FIEGER TAKES HIS CATHOLIC BASHING TO RADIO
Catalyst January/February Issue 1999
Geoffrey Fieger, Dr. Kevorkian’s former lawyer, has hit the radio talk-show circuit on WXYT-AM in Detroit. Having recently run an unsuccessful campaign for the Michigan gubernatorial post, Fieger railed against the Catholic Church in his show’s debut on November 30. According to the Detroit Free Press, “Fieger said Catholic archdiocesan spokesman Ned McGrath’s recent statements were enough ‘to remove the tax exemption’ of the church and that McGrath was ‘off in Spain, training on the rack,’ referring to the Spanish Inquisition.”
Catholic League president William Donohue offered the following comment:
“On September 29, I wrote to candidate Fieger asking him to repudiate his remark that Jesus was ‘some goofball that got nailed to a cross,’ as well as his statement that Cardinal Adam Maida of Detroit was a ‘nut.’ On October 9, I received a letter from Stephen A. Hnat, senior policy advisor to Fieger, explaining that the ‘goofball’ comment was ‘a deliberate distortion by the Republican Party,’ and that the comment regarding Cardinal Maida ‘was clarified in an interview with a television station that he [Fieger] meant no offense to Catholics and that his choice of words [sic] were insensitive.’

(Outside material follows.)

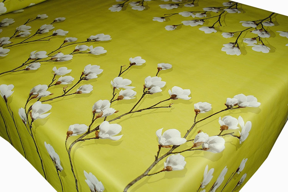 Magnolia Border Green PVC Wipe Clean Tablecloth by Karina Home 200 x 137cm

“It is now obvious that Fieger’s previous record of Catholic bashing was never distorted by anyone and that his half-hearted apology to Cardinal Maida was dishonest. Having gotten trounced by Governor Engler, Fieger is showing his true colors once again: he has no need to run from charges of bigotry anymore—all he has to do is be himself.
“If Fieger thinks that Catholics who exercise their free speech rights should disqualify the Catholic Church from its tax exempt status, then he should sue the Church. But he should also be prepared to meet the Catholic League in court. We’d be only too happy to teach this lawyer the meaning of the First Amendment.”
To his credit, Fieger invited William Donohue to debate him on December 2, which he did. The debate proved to be a lively exchange and ended on a cordial note.